● TASK REQUIREMENTS: Within the records that follow, restate exactly the lines from the line with "Minimalist white wedding" down to the line with "काठमाडौं । नेपाल", including both. Omit the pictures.

● DATA FOR THE TASK:
★ ★ ★ ★ ★
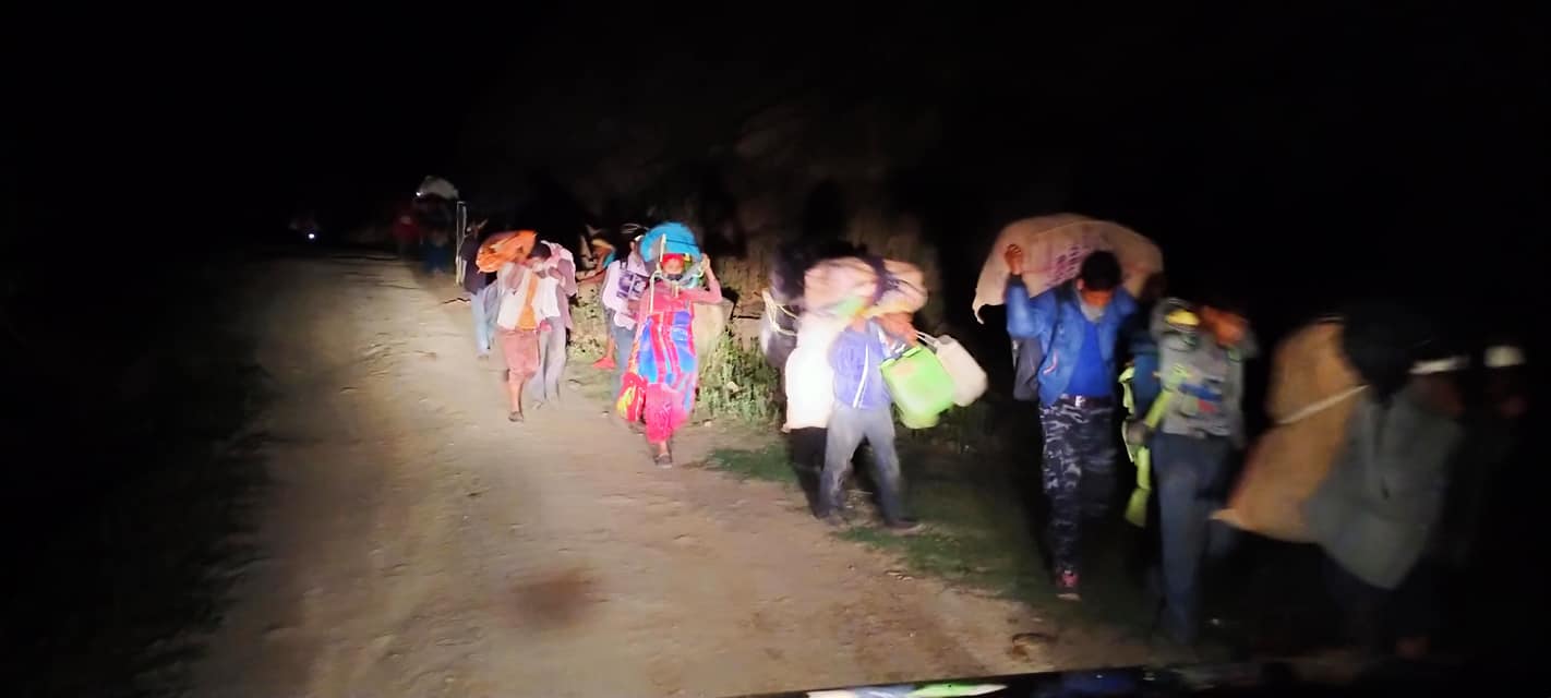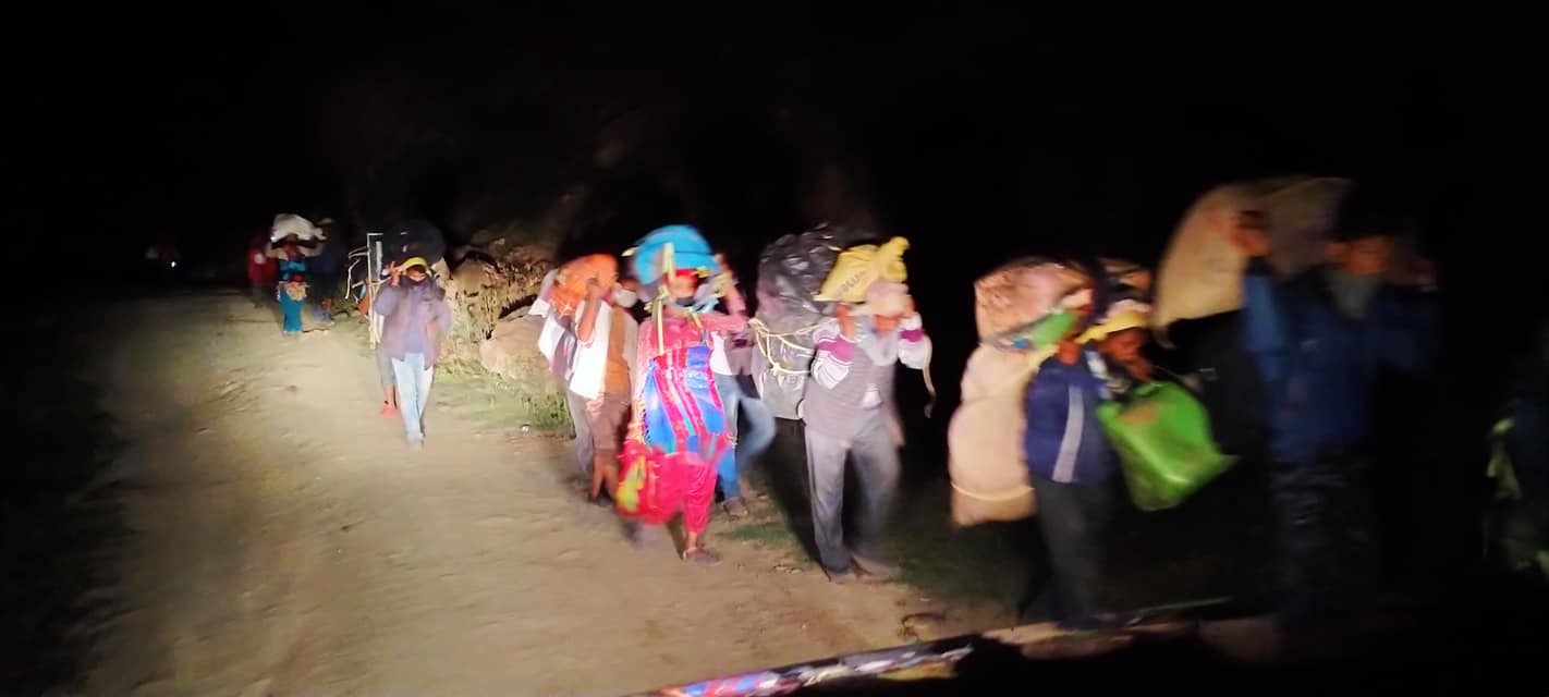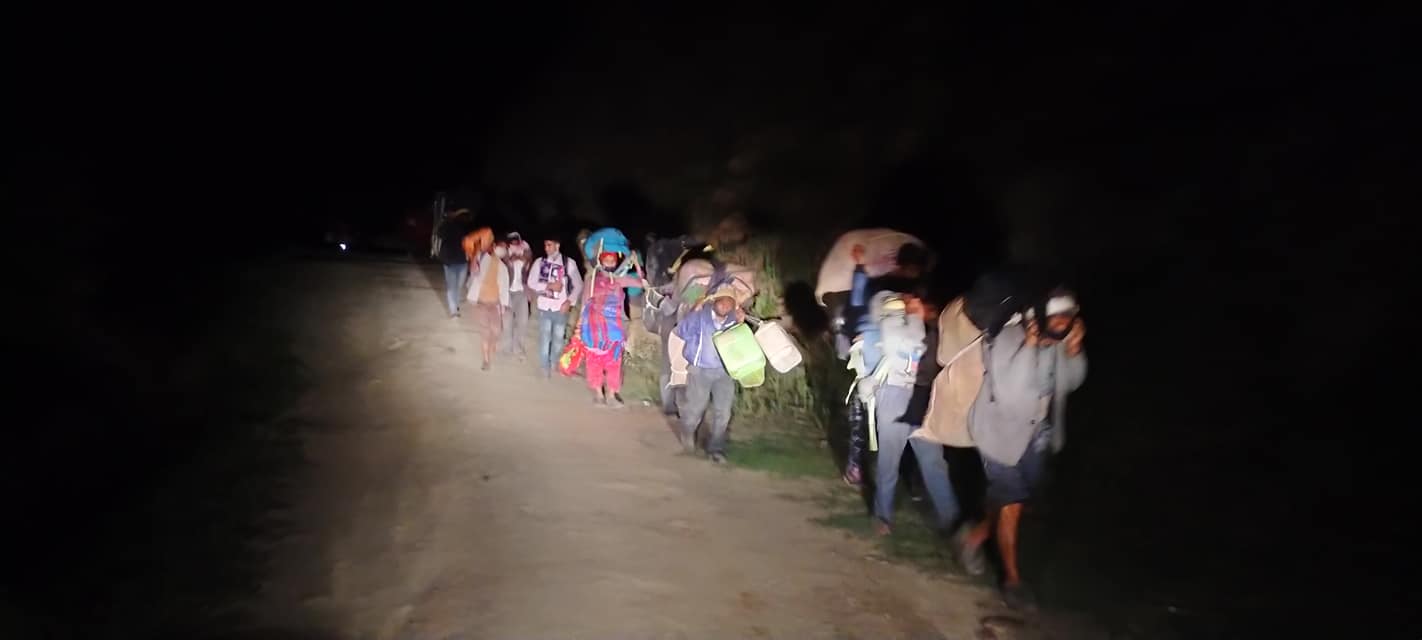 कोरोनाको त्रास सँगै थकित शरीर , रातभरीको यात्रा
★ ★ ★ ★ ★
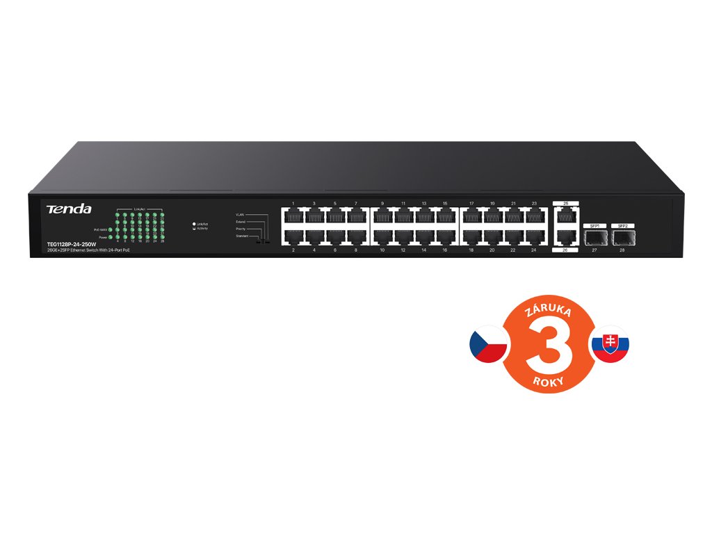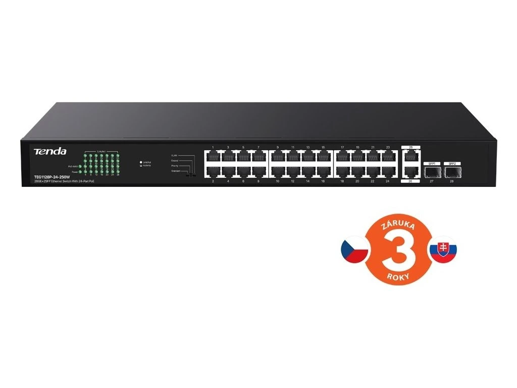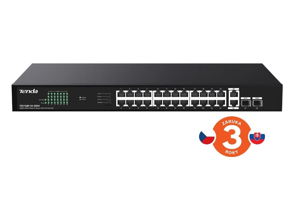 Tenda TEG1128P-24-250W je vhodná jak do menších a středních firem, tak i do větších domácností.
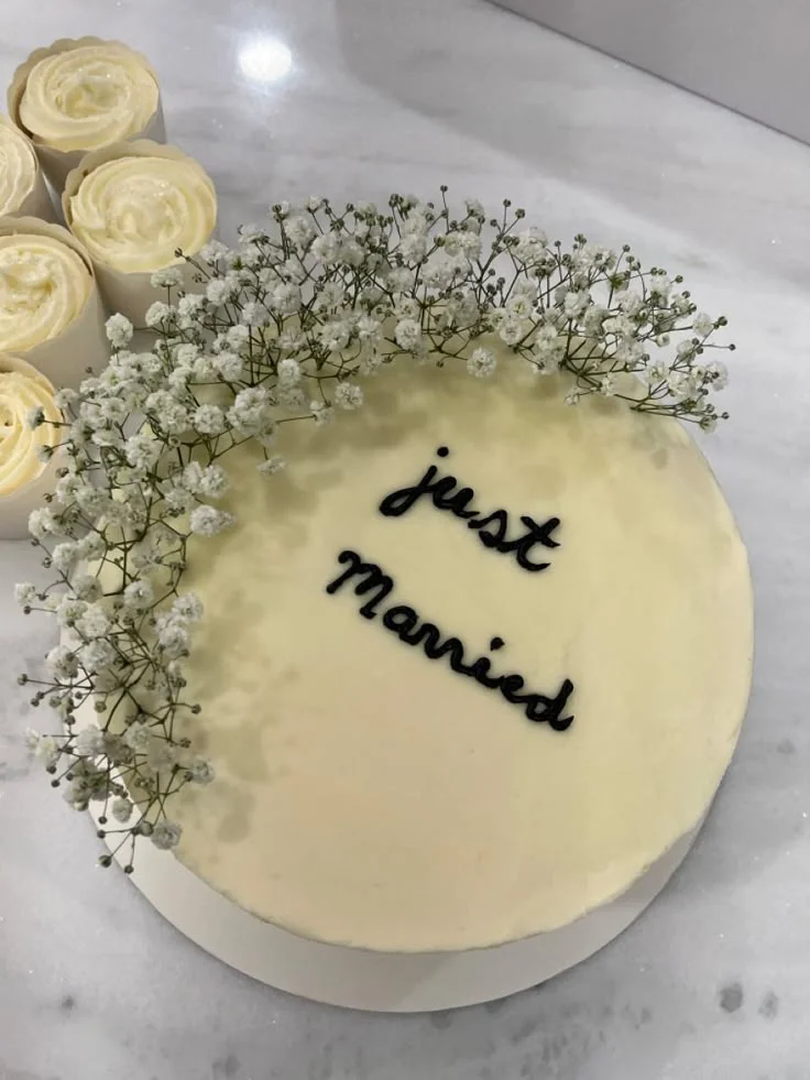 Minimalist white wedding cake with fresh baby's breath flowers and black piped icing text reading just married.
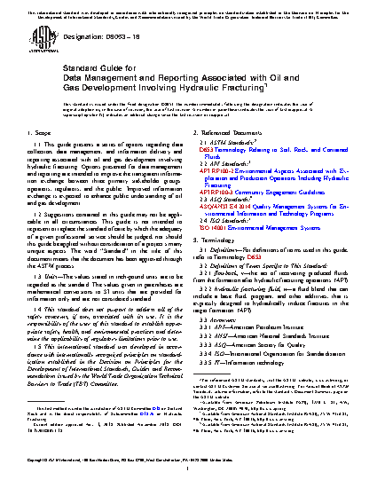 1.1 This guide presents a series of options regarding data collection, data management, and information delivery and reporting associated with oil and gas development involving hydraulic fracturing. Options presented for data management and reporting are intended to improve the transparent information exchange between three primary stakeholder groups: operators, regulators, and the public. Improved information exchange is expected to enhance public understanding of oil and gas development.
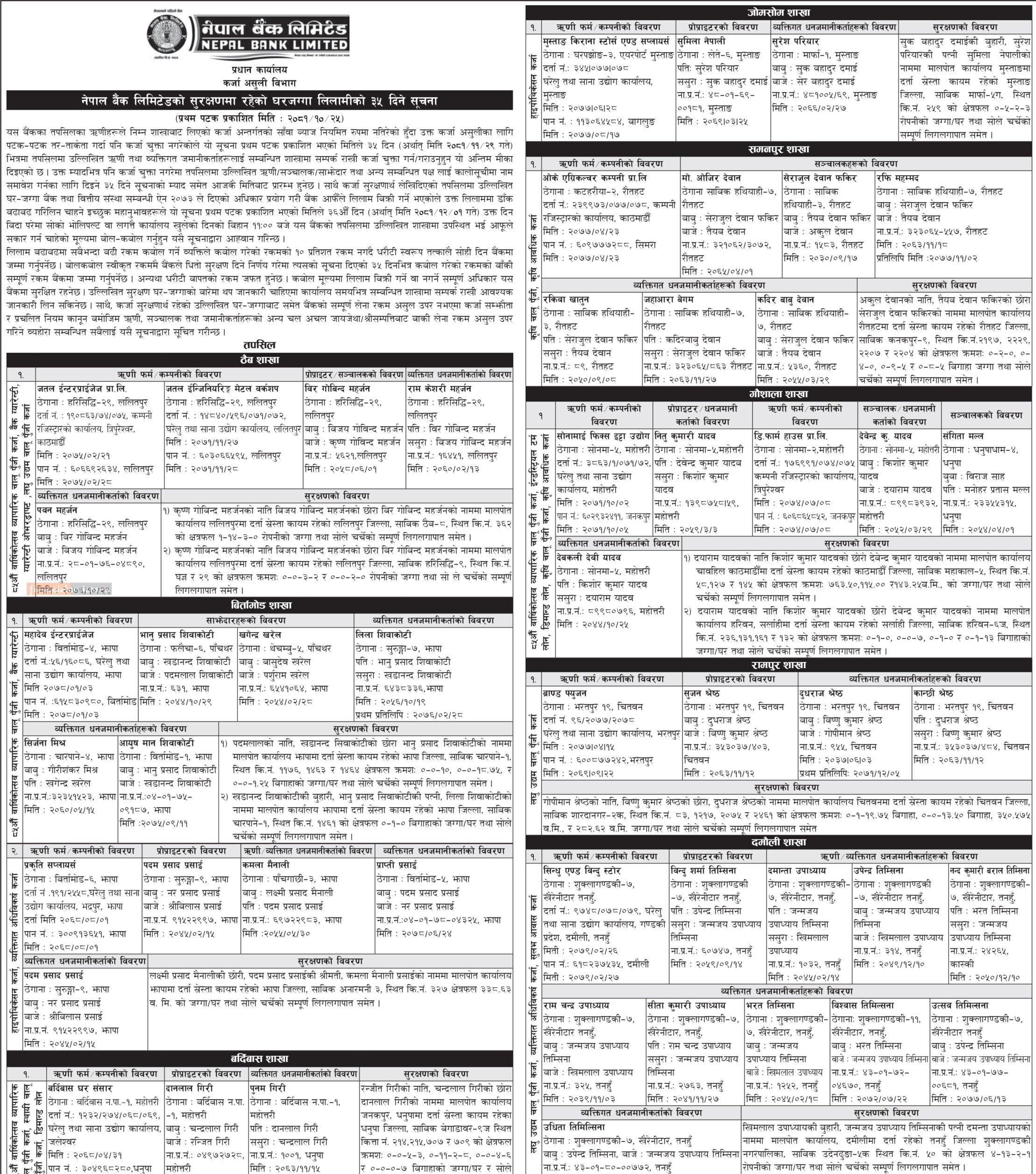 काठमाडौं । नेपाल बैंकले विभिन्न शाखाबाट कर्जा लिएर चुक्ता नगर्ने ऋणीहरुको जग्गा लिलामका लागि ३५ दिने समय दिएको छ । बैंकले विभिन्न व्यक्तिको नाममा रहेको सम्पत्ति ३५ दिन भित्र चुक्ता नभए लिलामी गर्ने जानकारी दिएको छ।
★ ★ ★ ★ ★
● ANSWER BELOW:
 Minimalist white wedding cake with fresh baby's breath flowers and black piped icing text reading just married.
 1.1 This guide presents a series of options regarding data collection, data management, and information delivery and reporting associated with oil and gas development involving hydraulic fracturing. Options presented for data management and reporting are intended to improve the transparent information exchange between three primary stakeholder groups: operators, regulators, and the public. Improved information exchange is expected to enhance public understanding of oil and gas development.
 काठमाडौं । नेपाल बैंकले विभिन्न शाखाबाट कर्जा लिएर चुक्ता नगर्ने ऋणीहरुको जग्गा लिलामका लागि ३५ दिने समय दिएको छ । बैंकले विभिन्न व्यक्तिको नाममा रहेको सम्पत्ति ३५ दिन भित्र चुक्ता नभए लिलामी गर्ने जानकारी दिएको छ।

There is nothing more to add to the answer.